Records from a data source:
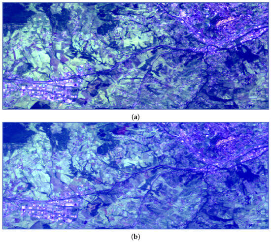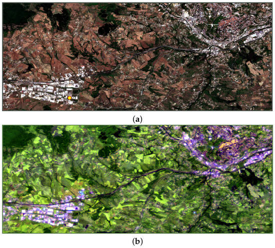 We have identified three test locations to collect Sentinel-2 L1C and L2A data, with simultaneous availability of aerosol data from an AERONET ground station. A 148 km2 area near the city of Potenza, Italy, was selected as the first test site that included the AERONET sun photometer located at 40.60° N, 15.72° E, and 770 m elevation. Sentinel-2 L1C and L2A images—with the lower-resolution bands bicubically resampled at 10 m GSD—acquired on 6 June 2021, have been collected as a clear-sky reference (AOD < 0.07 measured by the AERONET ground station). Note that a single clear-sky reference date is required to calculate the spectral index for aerosol characterization, as described in Section 2.4.2. A 90-km2 portion of the scene is shown in Figure 2, using two color compositions of the surface reflectance of the reference acquisition, i.e., true color (B4-B3-B2) and false color (B12-B11-B1). Two other L1C acquisitions over the same area have been downloaded for testing: one taken on 26 July 2020, to prove the capability of recognizing low aerosol depth, and the other taken on 10 August 2021 as an example of a moderate Saharan dust aerosol event. The true and false color compositions are shown in Figure 3 and Figure 4.
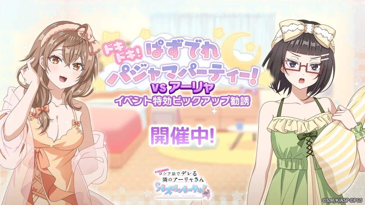 2026年4月17日(金)より、ポッピンゲームズジャパンが手がけるスマートフォン向けゲーム『時々ボソッとロシア語でデレる隣のアーリャさん パズルパーティ!』(通称:ぱずでれ)が、新たなイベントとキャラクターをお披露目します。今回は可愛らしいネグリジェ姿の沙也加とマーシャがプレイヤーを迎える特別なピックアップ勧誘が実施される予定です。
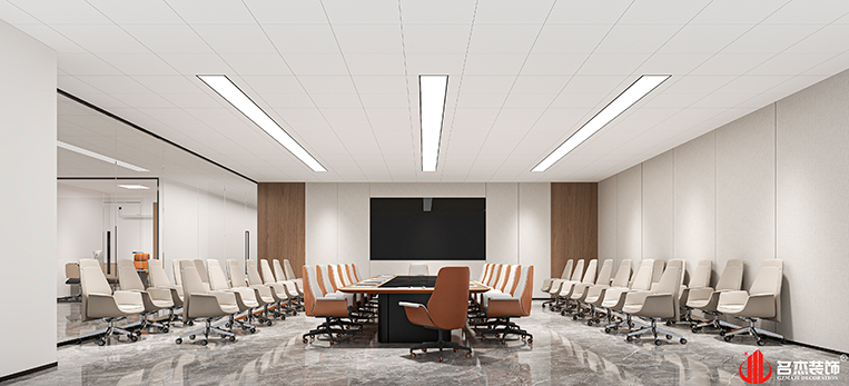 設(shè)計團(tuán)隊(duì)根據(jù)現(xiàn)場實(shí)際情況,定制前臺區(qū)域的方式,使用企業(yè)LOGO色來作為空間的點(diǎn)綴。河流狀態(tài)的橙色造型,寓意著業(yè)務(wù)川流不息。而在展廳區(qū)域則是使用傳統(tǒng)方圓的設(shè)計手法,使用灰色的色調(diào)搭配流動的燈帶造型,凸顯出該空間的不平凡。#廣州辦公室裝修#
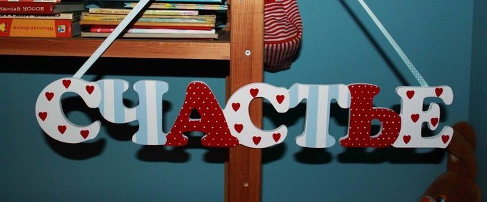 Буквы можно нарисовать, написать, наклеить, вырезать из фанеры или сшить. Все зависит от ваших пожеланий, умений, фантазии и помещения, которое вы хотите украсить. Если вы стремитесь создать стильный интерьер, то надписи и знаки должны быть естественным продолжением, не выбиваться из общей тональности, а стать значимым акцентом, центральной деталью, на которой интересно останавливать взгляд и которая заставляет задуматься о вечном.
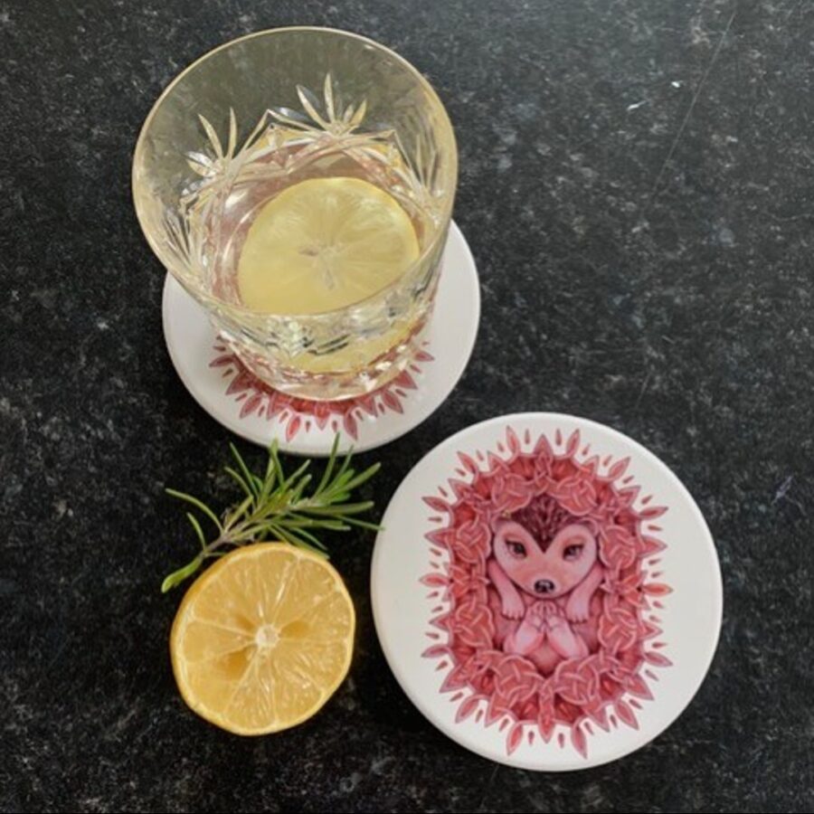 A beautiful cheese board and coaster set featuring a Celtic hedgehog design. The cheeseboard has a handle for easy handling and a round ceramic tile in the middle section. The cheese board makes the perfect gift for family and friends or a special treat for yourself to entertain guests. The image on the tile is heat pressed on to the tiles so can be wiped clean. the ceramic coasters are 10.5 cm wide and 1 cm deep with a cork base.
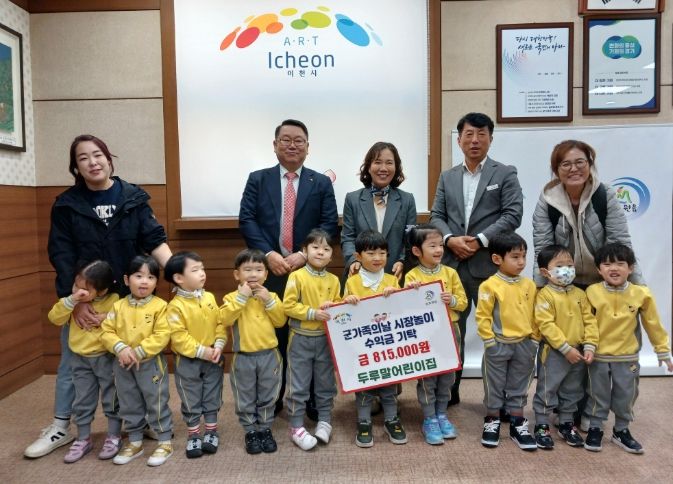 [비건뉴스=최지영 수습기자] 이천시 장호원읍 두루말어린이집은 11월 11일, 어린이들과 함께 장호원읍행정복지센터에 방문해 군가족의 날 아나바다 시장놀이 행사의 수익금 815,000원을 전달했다.
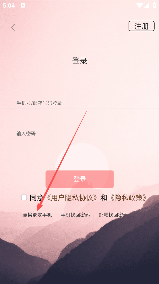 3、到了登录界面之后点击更换,输入新的手机号码验证即可

**What to do:** No picture belongs in the copy. Print every entry above exactly as it stands.

**Exercise response:**
 We have identified three test locations to collect Sentinel-2 L1C and L2A data, with simultaneous availability of aerosol data from an AERONET ground station. A 148 km2 area near the city of Potenza, Italy, was selected as the first test site that included the AERONET sun photometer located at 40.60° N, 15.72° E, and 770 m elevation. Sentinel-2 L1C and L2A images—with the lower-resolution bands bicubically resampled at 10 m GSD—acquired on 6 June 2021, have been collected as a clear-sky reference (AOD < 0.07 measured by the AERONET ground station). Note that a single clear-sky reference date is required to calculate the spectral index for aerosol characterization, as described in Section 2.4.2. A 90-km2 portion of the scene is shown in Figure 2, using two color compositions of the surface reflectance of the reference acquisition, i.e., true color (B4-B3-B2) and false color (B12-B11-B1). Two other L1C acquisitions over the same area have been downloaded for testing: one taken on 26 July 2020, to prove the capability of recognizing low aerosol depth, and the other taken on 10 August 2021 as an example of a moderate Saharan dust aerosol event. The true and false color compositions are shown in Figure 3 and Figure 4.
 2026年4月17日(金)より、ポッピンゲームズジャパンが手がけるスマートフォン向けゲーム『時々ボソッとロシア語でデレる隣のアーリャさん パズルパーティ!』(通称:ぱずでれ)が、新たなイベントとキャラクターをお披露目します。今回は可愛らしいネグリジェ姿の沙也加とマーシャがプレイヤーを迎える特別なピックアップ勧誘が実施される予定です。
 設(shè)計團(tuán)隊(duì)根據(jù)現(xiàn)場實(shí)際情況,定制前臺區(qū)域的方式,使用企業(yè)LOGO色來作為空間的點(diǎn)綴。河流狀態(tài)的橙色造型,寓意著業(yè)務(wù)川流不息。而在展廳區(qū)域則是使用傳統(tǒng)方圓的設(shè)計手法,使用灰色的色調(diào)搭配流動的燈帶造型,凸顯出該空間的不平凡。#廣州辦公室裝修#
 Буквы можно нарисовать, написать, наклеить, вырезать из фанеры или сшить. Все зависит от ваших пожеланий, умений, фантазии и помещения, которое вы хотите украсить. Если вы стремитесь создать стильный интерьер, то надписи и знаки должны быть естественным продолжением, не выбиваться из общей тональности, а стать значимым акцентом, центральной деталью, на которой интересно останавливать взгляд и которая заставляет задуматься о вечном.
 A beautiful cheese board and coaster set featuring a Celtic hedgehog design. The cheeseboard has a handle for easy handling and a round ceramic tile in the middle section. The cheese board makes the perfect gift for family and friends or a special treat for yourself to entertain guests. The image on the tile is heat pressed on to the tiles so can be wiped clean. the ceramic coasters are 10.5 cm wide and 1 cm deep with a cork base.
 [비건뉴스=최지영 수습기자] 이천시 장호원읍 두루말어린이집은 11월 11일, 어린이들과 함께 장호원읍행정복지센터에 방문해 군가족의 날 아나바다 시장놀이 행사의 수익금 815,000원을 전달했다.
 3、到了登录界面之后点击更换,输入新的手机号码验证即可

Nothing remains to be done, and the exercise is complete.